1) For the sake of sanity, we will assume that you have been able to download and install the HPCC VM. If not, please proceed to do so and read the HPCC VM Install Guide.

2) Now download the sample data file containing person information data- first name, last name etc. Once downloaded, extract the contents of the zip file and store it at a known location.

3) Point your browser to the ECL Watch and use the upload/download file link to upload the file to the landing zone

Browse to the sample person file you downloaded, select and upload.

4) Spray the file contents to all the nodes across the cluster.
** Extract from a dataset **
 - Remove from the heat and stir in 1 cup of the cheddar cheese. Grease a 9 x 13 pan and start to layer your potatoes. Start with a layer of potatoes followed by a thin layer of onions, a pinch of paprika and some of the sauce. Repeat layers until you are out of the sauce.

Again, use the ECL Watch utility to do this.

The label is a logical name, AC stands for my initials. It really can be anything. Choose the file that you uploaded in step 3, set the record size to 124 (record size of the person file) and submit for it to be sprayed.
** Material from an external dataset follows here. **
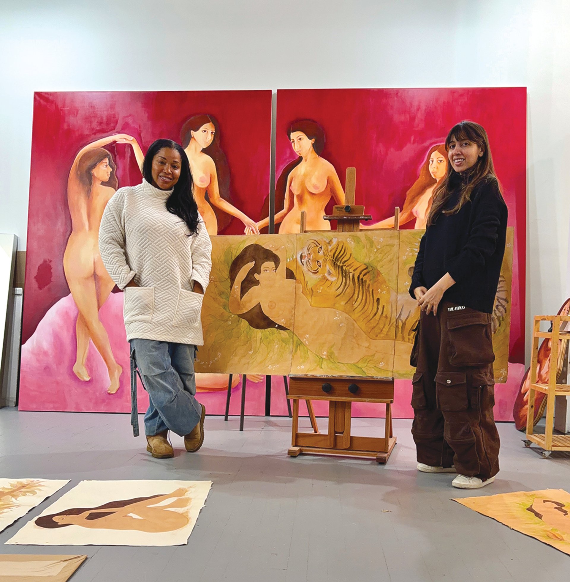 Tifrere at Hiba Schahbaz’s studio with her latest acquisition, Nude (2026) Courtesy Mashonda Tifrere

If successful, you should see a results page that looks like:

Click on the View Progress to view the progress of the spray

5) Download, install and configure the ECL IDE if you have not done so already.

ECL IDE preferences:

Enter your VM IP in the "Server" input.

Save the preference

6) Now, you are ready to write ECL Code. While in the ECL IDE, press CTRL+N to open a new work unit. Type in the following code:

Layout_People := RECORD
STRING15 FirstName;
STRING25 LastName;
STRING15 MiddleName;
STRING5 Zip;
STRING42 Street;
STRING20 City;
STRING2 State;
END;

File_OriginalPerson :=
DATASET('~tutorial::AC::OriginalPerson', Layout_People, THOR);

//Here change the AC to whatever you used to name the label in step 4

OUTPUT(File_OriginalPerson);

7) Syntax check (f7) and Submit/Execute the code to see the following results

That is it for now. In my next blog post, we will be looking at some of the features of the ECL IDE and ECL Language. In the process, we will also expand upon the person example and learn about transformations, indexing and sorting.